- _ACTIVITY_: Below is a listing; retype exactly the lines between the one containing "Welcome to 240" and the one containing "WHO National Public", inclusive, minus the pictures.

- _RAW DATA_:
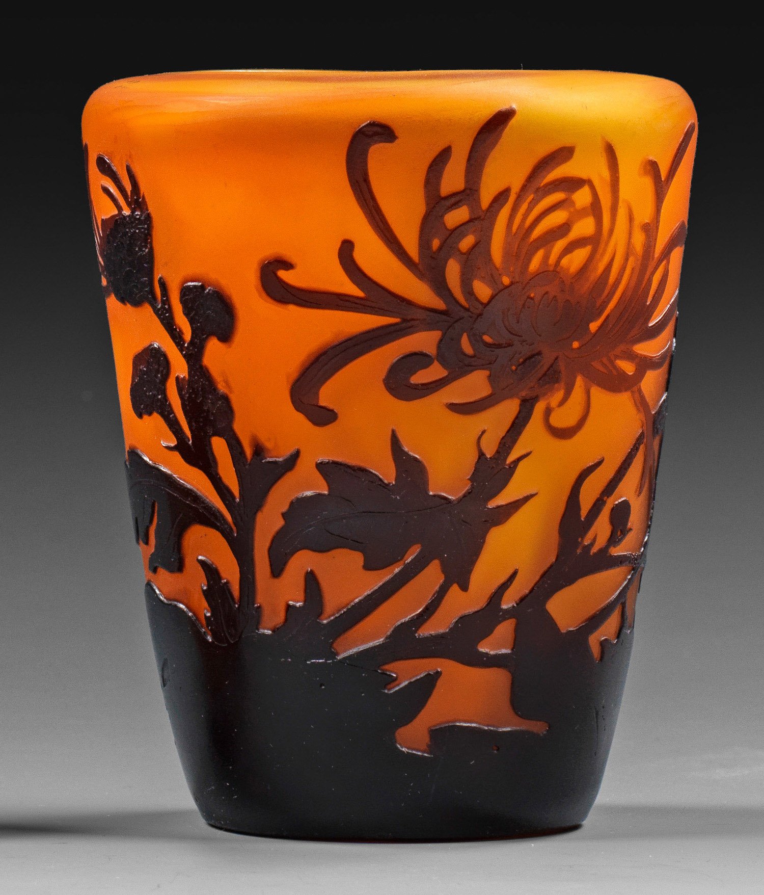 A French cameo glass vase by Gallé with acid-etched chrysanthemum decor. Signed.
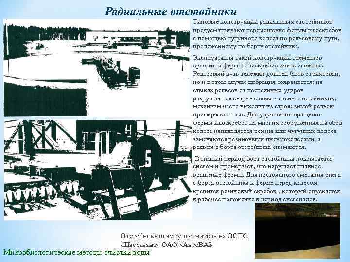 Радиальные отстойники Типовые конструкции радиальных отстойников предусматривают перемещение фермы илоскребов с помощью чугунного колеса по рельсовому пути, проложенному по борту отстойника. Эксплуатация такой конструкции элементов вращения фермы илоскребов очень сложная. Рельсовый путь тележки должен быть отрихтован, но и в этом случае вибрация сохраняется; на стыках рельсов от постоянных ударов разрушаются сварные швы и стены отстойников; механизм часто выходит из строя; зимой рельсы промерзают и т. п. Для улучшения вращения фермы илоскребов на многих сооружениях на обод колеса наплавляется резина или чугунные колеса заменяются резиновыми пневмоколесами, а рельсы с борта отстойника снимаются. В зимний период борт отстойника покрывается снегом и промерзает, что нарушает плавное вращение фермы. Для постоянного сметания снега с борта отстойника к ферме перед колесом крепится резиновый скребок , который опускается в рабочее положение в период снегопадов. Отстойник шламоуплотнитель на ОСПС «Пассавант» ОАО «Авто. ВАЗ Микробиологические методы очистки воды
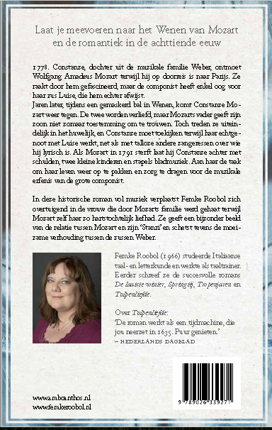 In deze historische roman vol muziek verplaatst Femke Roobol zich overtuigend in de vrouw die door Mozarts familie werd gehaat terwijl Mozart zelf haar zo hartstochtelijk liefhad. Ze geeft een bijzonder beeld van de relatie tussen Mozart en zijn ‘Stanzi’ en schetst tevens de moeizame verhouding tussen de zussen Weber.
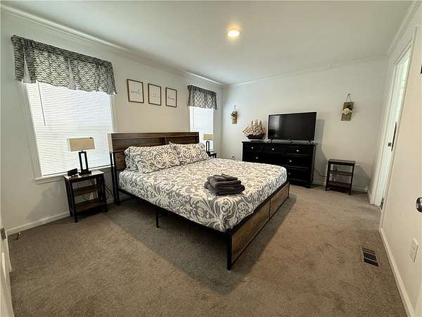 Welcome to 240 Plum Point Rd cottage #16. Come on in and enjoy the peacefulness of this 3-bed, 2-full bath, vacation home with an open floor plan and 1,128 SqFt of living area. Built in 2021, this charming manufactured home comes fully furnished with what you see (minus a few personal items) plus an electric golf cart. Looking for a great investment? This unit is a working AirBnB and has received 5-star reviews for years since October 2023. Centrally located in Himrod, you're in the middle of the best winery's, restaurants, shopping you can find. Enjoy the shared beach, including a fire pit, chairs, gazebo, picnic tables, paddle boards and kayaks. HOA and land lease ($900mo.) include land taxes, water, sewer, maintenance (lawn, snow removal, garbage collection) dog park and community garden.
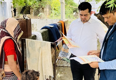 WHO National Public Health Support Network (NPSN) officers supported house-to-house monitoring of the vaccination status of children during Intensified Mission Indradhanush (IMI 5.0) in Bairwa Basti, Jhilai, Block Niwai in Tonk district of Rajasthan. (Photo: Khushal Goyar / © WHO India)
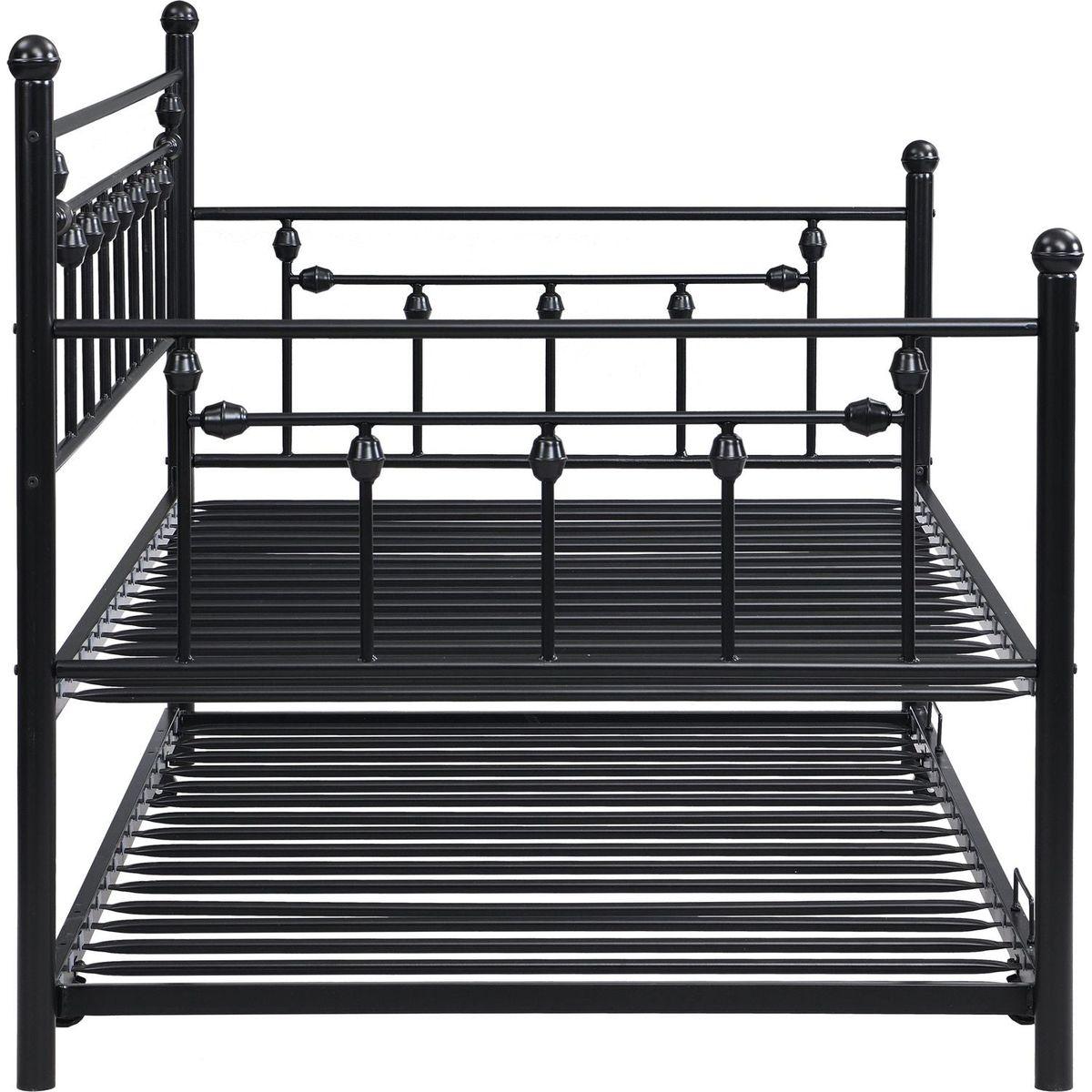 This bed frame provides a contemporary aesthetic and utilizes space efficiently. Its durable steel construction ensures stability and quiet use, while the easy assembly process with clear instructions and included tools makes it a breeze to set up. No box spring is required, and the frame supports mattresses of all types. With a weight limit of 250 350 LBS, this bed frame offers comfort and durability for a peaceful sleep.
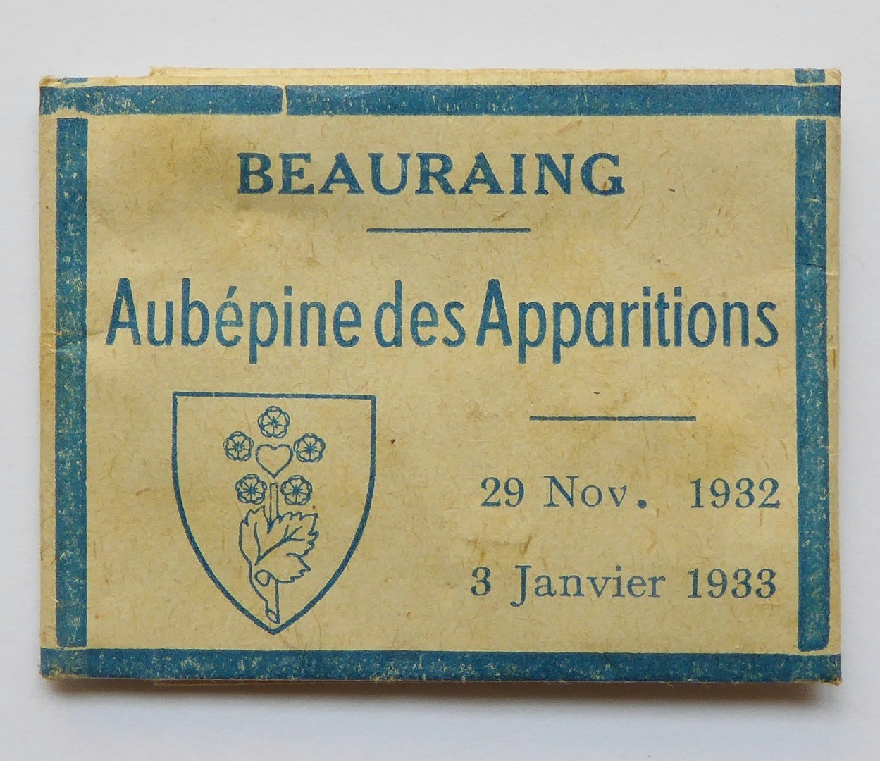 Meidoornblaadjes in papieren wikkel met "Beauraing, Aubépine des Apparitions ..."
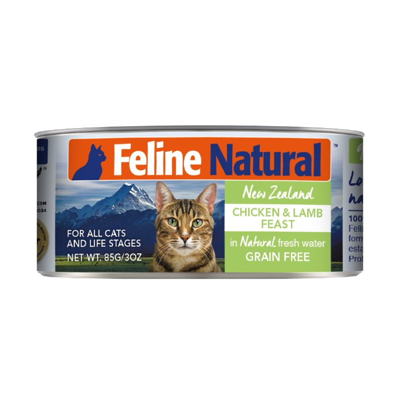 Feline Natural premium canned cat food contains all the goodness of our existing product ranges in a convenient, ready to use can. Our canned cat food is FREE from all gelling agents, the only thing we add is Natural Fresh New Zealand Water. Simply pop the top and drop the contents out with ease and no mess. Packed with New Zealand wholefood ingredients and selected essential vitamins, minerals and oils – the perfect balanced diet or ideal nutrient rich high meat boost to add to a cats existing diet.

- _PROBLEM SOLUTION_:
 Welcome to 240 Plum Point Rd cottage #16. Come on in and enjoy the peacefulness of this 3-bed, 2-full bath, vacation home with an open floor plan and 1,128 SqFt of living area. Built in 2021, this charming manufactured home comes fully furnished with what you see (minus a few personal items) plus an electric golf cart. Looking for a great investment? This unit is a working AirBnB and has received 5-star reviews for years since October 2023. Centrally located in Himrod, you're in the middle of the best winery's, restaurants, shopping you can find. Enjoy the shared beach, including a fire pit, chairs, gazebo, picnic tables, paddle boards and kayaks. HOA and land lease ($900mo.) include land taxes, water, sewer, maintenance (lawn, snow removal, garbage collection) dog park and community garden.
 WHO National Public Health Support Network (NPSN) officers supported house-to-house monitoring of the vaccination status of children during Intensified Mission Indradhanush (IMI 5.0) in Bairwa Basti, Jhilai, Block Niwai in Tonk district of Rajasthan. (Photo: Khushal Goyar / © WHO India)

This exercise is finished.